== What needs to be done ==
Retype, exactly and completely, the listing that comes next, skipping its images.

:: Material provided

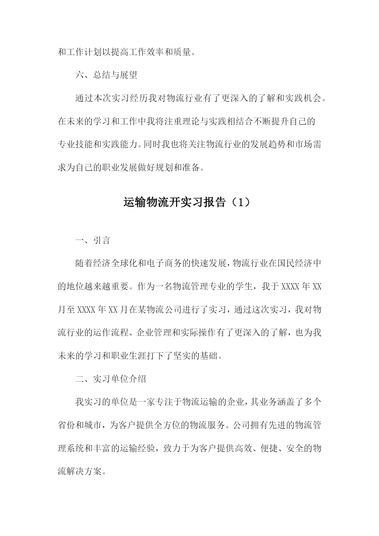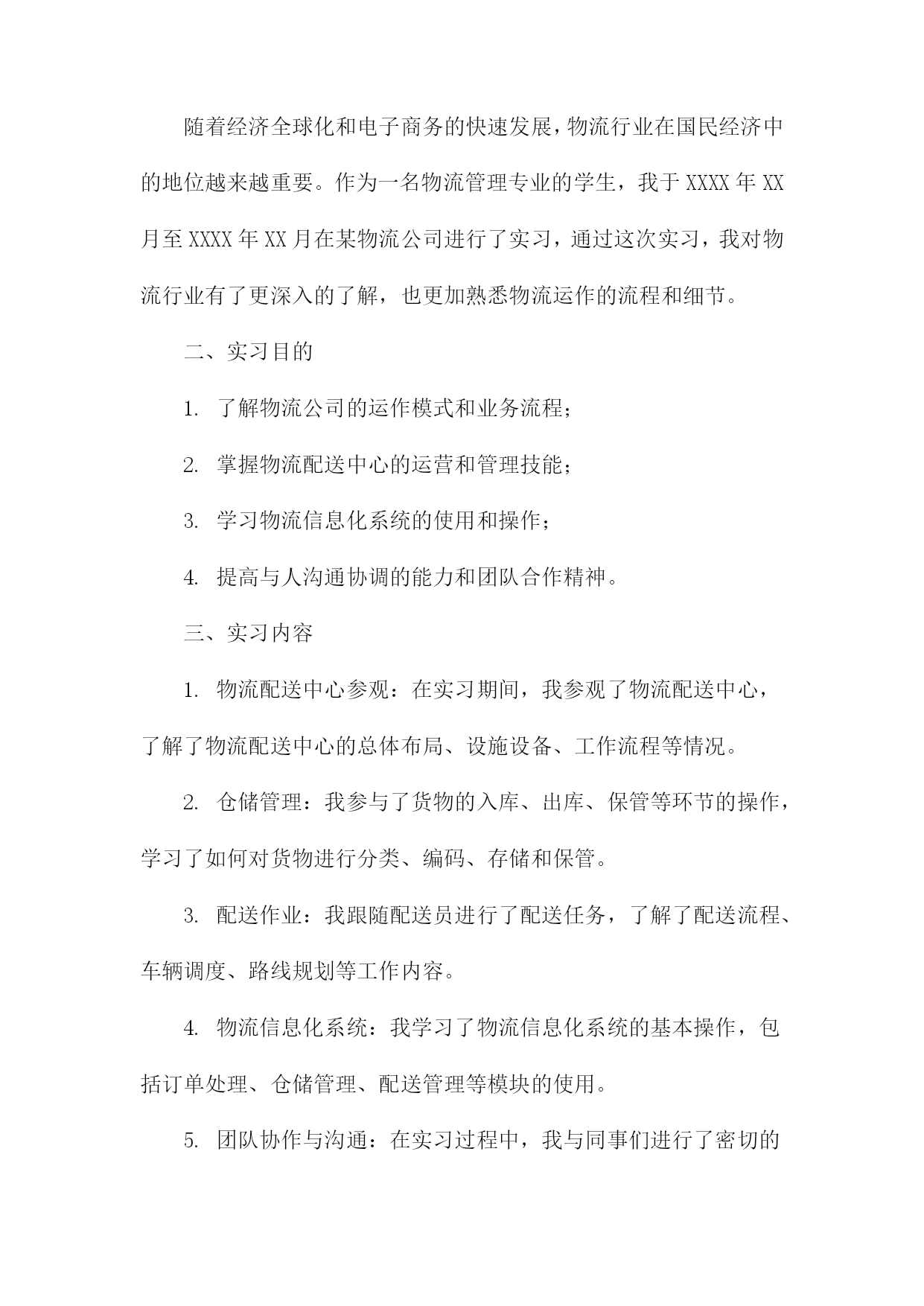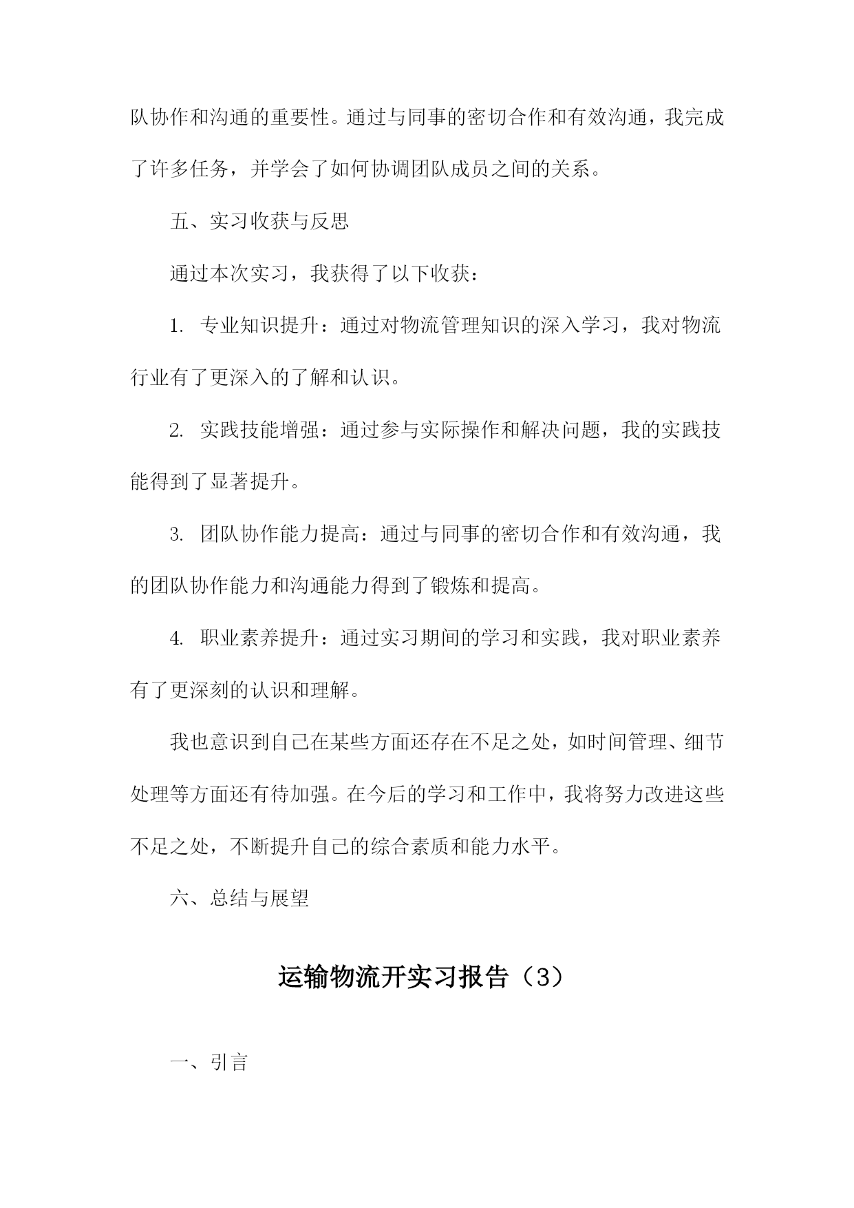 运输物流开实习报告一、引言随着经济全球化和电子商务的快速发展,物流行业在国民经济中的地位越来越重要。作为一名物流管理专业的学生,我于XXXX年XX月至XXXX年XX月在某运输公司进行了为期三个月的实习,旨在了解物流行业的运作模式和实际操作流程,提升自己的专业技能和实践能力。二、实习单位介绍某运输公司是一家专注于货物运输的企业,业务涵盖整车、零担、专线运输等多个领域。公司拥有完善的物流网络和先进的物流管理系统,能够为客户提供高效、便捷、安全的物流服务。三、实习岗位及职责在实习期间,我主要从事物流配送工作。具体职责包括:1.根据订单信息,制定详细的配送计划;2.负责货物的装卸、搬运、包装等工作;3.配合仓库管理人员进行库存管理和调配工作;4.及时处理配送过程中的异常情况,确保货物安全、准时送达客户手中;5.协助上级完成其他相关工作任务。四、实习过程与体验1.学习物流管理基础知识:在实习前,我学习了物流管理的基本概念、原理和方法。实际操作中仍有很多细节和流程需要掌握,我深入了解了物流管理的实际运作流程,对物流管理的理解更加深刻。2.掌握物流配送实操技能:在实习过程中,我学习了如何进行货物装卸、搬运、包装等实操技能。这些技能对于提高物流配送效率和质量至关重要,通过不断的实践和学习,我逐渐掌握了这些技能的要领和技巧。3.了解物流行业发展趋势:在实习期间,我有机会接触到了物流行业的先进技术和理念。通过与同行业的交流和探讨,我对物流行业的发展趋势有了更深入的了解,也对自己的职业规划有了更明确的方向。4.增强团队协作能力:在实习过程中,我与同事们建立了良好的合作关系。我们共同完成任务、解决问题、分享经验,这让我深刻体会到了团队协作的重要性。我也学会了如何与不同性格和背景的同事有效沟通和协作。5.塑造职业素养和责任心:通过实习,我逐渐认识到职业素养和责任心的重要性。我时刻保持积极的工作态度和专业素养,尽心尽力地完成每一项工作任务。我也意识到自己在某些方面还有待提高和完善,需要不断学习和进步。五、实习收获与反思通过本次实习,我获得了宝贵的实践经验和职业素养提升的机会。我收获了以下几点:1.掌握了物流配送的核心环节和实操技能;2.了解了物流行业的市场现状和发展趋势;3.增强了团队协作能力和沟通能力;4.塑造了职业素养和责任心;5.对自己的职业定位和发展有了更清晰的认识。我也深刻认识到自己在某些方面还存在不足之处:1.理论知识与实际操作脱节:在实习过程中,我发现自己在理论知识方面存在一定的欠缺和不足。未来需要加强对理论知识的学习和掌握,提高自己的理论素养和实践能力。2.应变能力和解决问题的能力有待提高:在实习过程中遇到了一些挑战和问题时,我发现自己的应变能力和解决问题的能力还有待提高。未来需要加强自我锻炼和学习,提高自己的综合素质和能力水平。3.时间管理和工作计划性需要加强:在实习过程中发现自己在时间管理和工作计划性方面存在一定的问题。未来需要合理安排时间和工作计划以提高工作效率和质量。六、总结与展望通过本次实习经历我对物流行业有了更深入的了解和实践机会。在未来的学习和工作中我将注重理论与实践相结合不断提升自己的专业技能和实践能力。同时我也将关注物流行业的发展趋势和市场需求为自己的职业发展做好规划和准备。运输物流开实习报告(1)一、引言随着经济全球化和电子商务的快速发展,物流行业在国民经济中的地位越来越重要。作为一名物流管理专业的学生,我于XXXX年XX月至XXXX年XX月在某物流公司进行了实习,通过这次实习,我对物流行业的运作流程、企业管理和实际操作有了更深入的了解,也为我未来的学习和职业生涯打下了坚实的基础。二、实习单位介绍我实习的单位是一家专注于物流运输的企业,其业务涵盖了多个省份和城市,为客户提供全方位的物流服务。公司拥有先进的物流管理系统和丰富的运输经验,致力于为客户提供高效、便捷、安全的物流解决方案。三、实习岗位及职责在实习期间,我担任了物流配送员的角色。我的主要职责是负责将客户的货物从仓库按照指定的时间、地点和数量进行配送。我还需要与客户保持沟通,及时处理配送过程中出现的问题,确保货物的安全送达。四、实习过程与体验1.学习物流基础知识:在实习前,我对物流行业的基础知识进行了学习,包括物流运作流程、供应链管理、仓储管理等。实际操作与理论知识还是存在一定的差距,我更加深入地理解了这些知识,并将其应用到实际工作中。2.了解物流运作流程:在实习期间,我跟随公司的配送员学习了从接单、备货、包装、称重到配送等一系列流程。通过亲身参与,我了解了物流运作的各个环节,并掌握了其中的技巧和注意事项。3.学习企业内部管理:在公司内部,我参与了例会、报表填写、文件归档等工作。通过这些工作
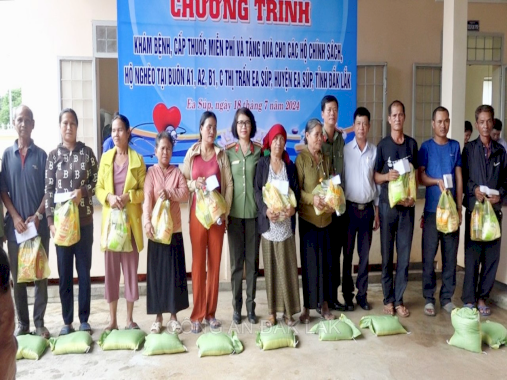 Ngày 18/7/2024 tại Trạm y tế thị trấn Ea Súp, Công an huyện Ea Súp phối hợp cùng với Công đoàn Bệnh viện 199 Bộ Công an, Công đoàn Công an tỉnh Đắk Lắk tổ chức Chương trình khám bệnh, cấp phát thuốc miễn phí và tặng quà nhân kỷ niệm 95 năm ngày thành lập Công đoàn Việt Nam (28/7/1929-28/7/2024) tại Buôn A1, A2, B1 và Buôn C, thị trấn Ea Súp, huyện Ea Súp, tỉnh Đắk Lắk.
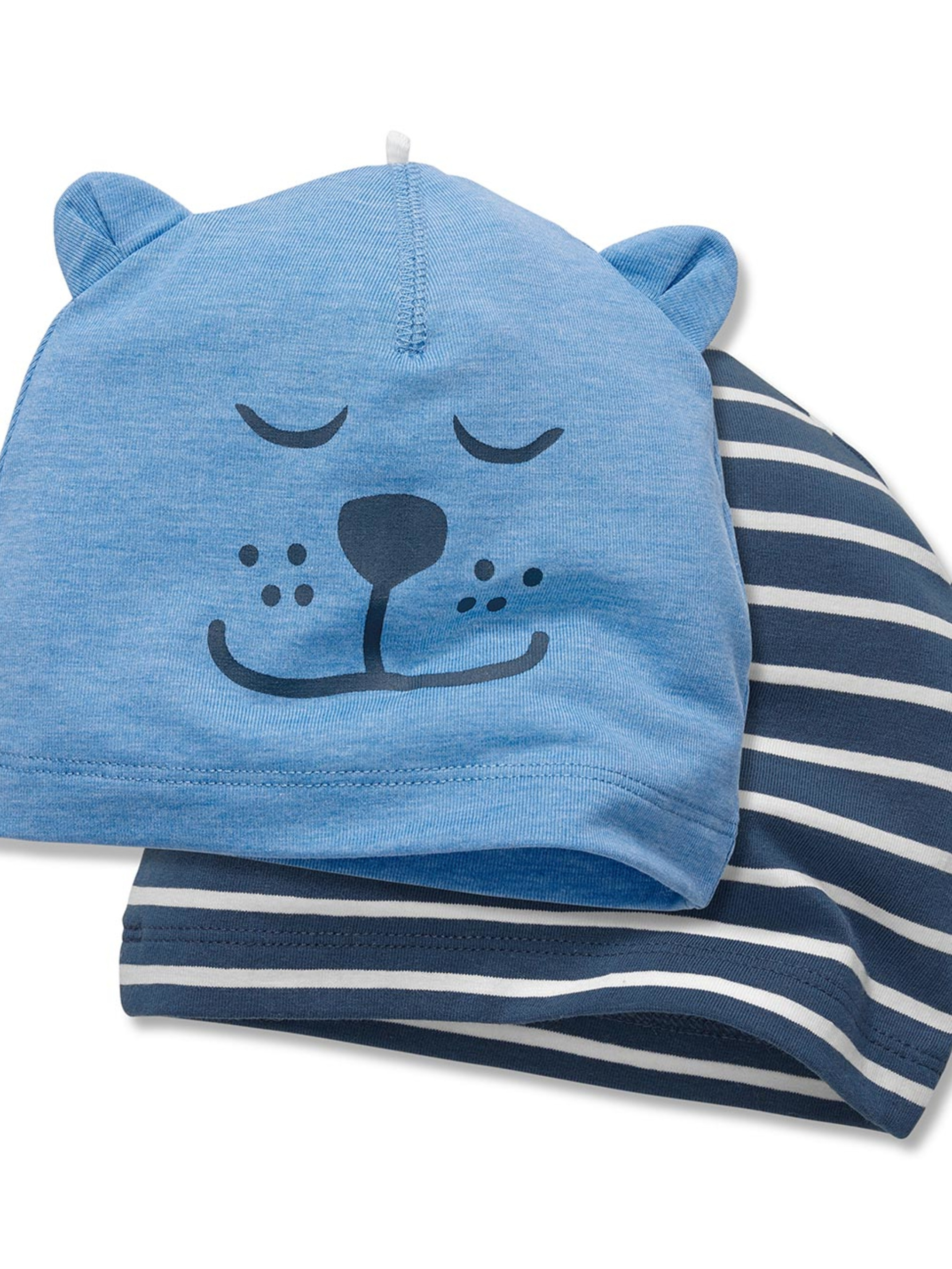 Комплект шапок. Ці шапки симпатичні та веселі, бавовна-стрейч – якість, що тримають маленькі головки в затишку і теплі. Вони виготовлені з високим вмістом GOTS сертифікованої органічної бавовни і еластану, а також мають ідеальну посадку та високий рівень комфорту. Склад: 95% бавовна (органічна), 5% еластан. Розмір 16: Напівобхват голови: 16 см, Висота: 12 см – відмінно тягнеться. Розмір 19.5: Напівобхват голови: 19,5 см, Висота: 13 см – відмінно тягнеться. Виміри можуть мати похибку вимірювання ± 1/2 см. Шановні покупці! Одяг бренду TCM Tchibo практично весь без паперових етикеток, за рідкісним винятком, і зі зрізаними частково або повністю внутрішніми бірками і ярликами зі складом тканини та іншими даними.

::::

== Reply ==
 运输物流开实习报告一、引言随着经济全球化和电子商务的快速发展,物流行业在国民经济中的地位越来越重要。作为一名物流管理专业的学生,我于XXXX年XX月至XXXX年XX月在某运输公司进行了为期三个月的实习,旨在了解物流行业的运作模式和实际操作流程,提升自己的专业技能和实践能力。二、实习单位介绍某运输公司是一家专注于货物运输的企业,业务涵盖整车、零担、专线运输等多个领域。公司拥有完善的物流网络和先进的物流管理系统,能够为客户提供高效、便捷、安全的物流服务。三、实习岗位及职责在实习期间,我主要从事物流配送工作。具体职责包括:1.根据订单信息,制定详细的配送计划;2.负责货物的装卸、搬运、包装等工作;3.配合仓库管理人员进行库存管理和调配工作;4.及时处理配送过程中的异常情况,确保货物安全、准时送达客户手中;5.协助上级完成其他相关工作任务。四、实习过程与体验1.学习物流管理基础知识:在实习前,我学习了物流管理的基本概念、原理和方法。实际操作中仍有很多细节和流程需要掌握,我深入了解了物流管理的实际运作流程,对物流管理的理解更加深刻。2.掌握物流配送实操技能:在实习过程中,我学习了如何进行货物装卸、搬运、包装等实操技能。这些技能对于提高物流配送效率和质量至关重要,通过不断的实践和学习,我逐渐掌握了这些技能的要领和技巧。3.了解物流行业发展趋势:在实习期间,我有机会接触到了物流行业的先进技术和理念。通过与同行业的交流和探讨,我对物流行业的发展趋势有了更深入的了解,也对自己的职业规划有了更明确的方向。4.增强团队协作能力:在实习过程中,我与同事们建立了良好的合作关系。我们共同完成任务、解决问题、分享经验,这让我深刻体会到了团队协作的重要性。我也学会了如何与不同性格和背景的同事有效沟通和协作。5.塑造职业素养和责任心:通过实习,我逐渐认识到职业素养和责任心的重要性。我时刻保持积极的工作态度和专业素养,尽心尽力地完成每一项工作任务。我也意识到自己在某些方面还有待提高和完善,需要不断学习和进步。五、实习收获与反思通过本次实习,我获得了宝贵的实践经验和职业素养提升的机会。我收获了以下几点:1.掌握了物流配送的核心环节和实操技能;2.了解了物流行业的市场现状和发展趋势;3.增强了团队协作能力和沟通能力;4.塑造了职业素养和责任心;5.对自己的职业定位和发展有了更清晰的认识。我也深刻认识到自己在某些方面还存在不足之处:1.理论知识与实际操作脱节:在实习过程中,我发现自己在理论知识方面存在一定的欠缺和不足。未来需要加强对理论知识的学习和掌握,提高自己的理论素养和实践能力。2.应变能力和解决问题的能力有待提高:在实习过程中遇到了一些挑战和问题时,我发现自己的应变能力和解决问题的能力还有待提高。未来需要加强自我锻炼和学习,提高自己的综合素质和能力水平。3.时间管理和工作计划性需要加强:在实习过程中发现自己在时间管理和工作计划性方面存在一定的问题。未来需要合理安排时间和工作计划以提高工作效率和质量。六、总结与展望通过本次实习经历我对物流行业有了更深入的了解和实践机会。在未来的学习和工作中我将注重理论与实践相结合不断提升自己的专业技能和实践能力。同时我也将关注物流行业的发展趋势和市场需求为自己的职业发展做好规划和准备。运输物流开实习报告(1)一、引言随着经济全球化和电子商务的快速发展,物流行业在国民经济中的地位越来越重要。作为一名物流管理专业的学生,我于XXXX年XX月至XXXX年XX月在某物流公司进行了实习,通过这次实习,我对物流行业的运作流程、企业管理和实际操作有了更深入的了解,也为我未来的学习和职业生涯打下了坚实的基础。二、实习单位介绍我实习的单位是一家专注于物流运输的企业,其业务涵盖了多个省份和城市,为客户提供全方位的物流服务。公司拥有先进的物流管理系统和丰富的运输经验,致力于为客户提供高效、便捷、安全的物流解决方案。三、实习岗位及职责在实习期间,我担任了物流配送员的角色。我的主要职责是负责将客户的货物从仓库按照指定的时间、地点和数量进行配送。我还需要与客户保持沟通,及时处理配送过程中出现的问题,确保货物的安全送达。四、实习过程与体验1.学习物流基础知识:在实习前,我对物流行业的基础知识进行了学习,包括物流运作流程、供应链管理、仓储管理等。实际操作与理论知识还是存在一定的差距,我更加深入地理解了这些知识,并将其应用到实际工作中。2.了解物流运作流程:在实习期间,我跟随公司的配送员学习了从接单、备货、包装、称重到配送等一系列流程。通过亲身参与,我了解了物流运作的各个环节,并掌握了其中的技巧和注意事项。3.学习企业内部管理:在公司内部,我参与了例会、报表填写、文件归档等工作。通过这些工作
 Ngày 18/7/2024 tại Trạm y tế thị trấn Ea Súp, Công an huyện Ea Súp phối hợp cùng với Công đoàn Bệnh viện 199 Bộ Công an, Công đoàn Công an tỉnh Đắk Lắk tổ chức Chương trình khám bệnh, cấp phát thuốc miễn phí và tặng quà nhân kỷ niệm 95 năm ngày thành lập Công đoàn Việt Nam (28/7/1929-28/7/2024) tại Buôn A1, A2, B1 và Buôn C, thị trấn Ea Súp, huyện Ea Súp, tỉnh Đắk Lắk.
 Комплект шапок. Ці шапки симпатичні та веселі, бавовна-стрейч – якість, що тримають маленькі головки в затишку і теплі. Вони виготовлені з високим вмістом GOTS сертифікованої органічної бавовни і еластану, а також мають ідеальну посадку та високий рівень комфорту. Склад: 95% бавовна (органічна), 5% еластан. Розмір 16: Напівобхват голови: 16 см, Висота: 12 см – відмінно тягнеться. Розмір 19.5: Напівобхват голови: 19,5 см, Висота: 13 см – відмінно тягнеться. Виміри можуть мати похибку вимірювання ± 1/2 см. Шановні покупці! Одяг бренду TCM Tchibo практично весь без паперових етикеток, за рідкісним винятком, і зі зрізаними частково або повністю внутрішніми бірками і ярликами зі складом тканини та іншими даними.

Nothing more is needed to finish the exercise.